What to work on: Read the listing below and tally the lines that contain "with"; the reply is that tally only.

☆ ☆ ☆ ☆

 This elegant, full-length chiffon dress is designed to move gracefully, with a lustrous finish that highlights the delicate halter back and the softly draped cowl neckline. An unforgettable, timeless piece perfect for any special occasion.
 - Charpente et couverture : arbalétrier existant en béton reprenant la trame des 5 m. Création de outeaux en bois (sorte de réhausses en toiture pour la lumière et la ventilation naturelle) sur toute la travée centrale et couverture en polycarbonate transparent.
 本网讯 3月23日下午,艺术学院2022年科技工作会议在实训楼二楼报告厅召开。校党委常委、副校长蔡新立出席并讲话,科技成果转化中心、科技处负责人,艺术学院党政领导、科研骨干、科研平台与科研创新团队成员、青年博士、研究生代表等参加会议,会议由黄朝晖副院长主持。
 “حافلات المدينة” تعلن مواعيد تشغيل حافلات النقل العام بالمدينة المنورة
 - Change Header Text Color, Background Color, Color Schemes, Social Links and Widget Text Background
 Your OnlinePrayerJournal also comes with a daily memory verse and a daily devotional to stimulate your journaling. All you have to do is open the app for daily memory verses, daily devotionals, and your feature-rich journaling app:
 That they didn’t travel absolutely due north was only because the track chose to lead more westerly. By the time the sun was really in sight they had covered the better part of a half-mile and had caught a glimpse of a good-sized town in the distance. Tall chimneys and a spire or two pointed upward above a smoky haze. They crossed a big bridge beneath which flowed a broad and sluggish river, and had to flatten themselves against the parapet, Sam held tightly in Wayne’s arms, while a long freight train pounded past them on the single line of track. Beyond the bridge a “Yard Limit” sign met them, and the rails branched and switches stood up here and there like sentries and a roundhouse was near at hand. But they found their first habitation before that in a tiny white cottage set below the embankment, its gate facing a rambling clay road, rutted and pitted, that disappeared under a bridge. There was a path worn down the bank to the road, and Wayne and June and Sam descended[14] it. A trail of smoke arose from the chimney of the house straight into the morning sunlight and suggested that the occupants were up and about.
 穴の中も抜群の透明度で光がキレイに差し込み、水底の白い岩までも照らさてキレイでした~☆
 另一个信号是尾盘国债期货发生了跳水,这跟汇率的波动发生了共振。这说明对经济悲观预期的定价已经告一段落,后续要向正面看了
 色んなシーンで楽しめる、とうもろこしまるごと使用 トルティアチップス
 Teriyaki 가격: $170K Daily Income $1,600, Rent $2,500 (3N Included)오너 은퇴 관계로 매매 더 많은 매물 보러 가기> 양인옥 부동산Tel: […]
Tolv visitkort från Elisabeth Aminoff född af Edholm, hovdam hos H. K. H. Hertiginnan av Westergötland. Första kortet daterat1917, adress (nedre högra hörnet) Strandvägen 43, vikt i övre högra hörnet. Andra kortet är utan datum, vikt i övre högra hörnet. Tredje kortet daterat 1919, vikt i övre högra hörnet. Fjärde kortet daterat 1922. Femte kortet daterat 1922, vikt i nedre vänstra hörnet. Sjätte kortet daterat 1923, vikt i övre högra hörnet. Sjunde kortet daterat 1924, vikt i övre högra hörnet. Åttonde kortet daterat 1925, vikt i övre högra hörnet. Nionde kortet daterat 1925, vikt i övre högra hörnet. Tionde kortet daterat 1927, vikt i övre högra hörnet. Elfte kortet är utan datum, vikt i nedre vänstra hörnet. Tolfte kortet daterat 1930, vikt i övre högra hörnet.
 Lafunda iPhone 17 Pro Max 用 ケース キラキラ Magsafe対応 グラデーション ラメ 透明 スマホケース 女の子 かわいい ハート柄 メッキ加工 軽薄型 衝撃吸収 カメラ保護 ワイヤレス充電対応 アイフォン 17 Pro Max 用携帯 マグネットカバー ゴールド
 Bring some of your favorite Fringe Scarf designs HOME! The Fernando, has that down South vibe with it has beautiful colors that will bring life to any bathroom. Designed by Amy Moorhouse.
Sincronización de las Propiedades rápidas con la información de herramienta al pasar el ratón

☆ ☆ ☆ ☆

Written answer: 3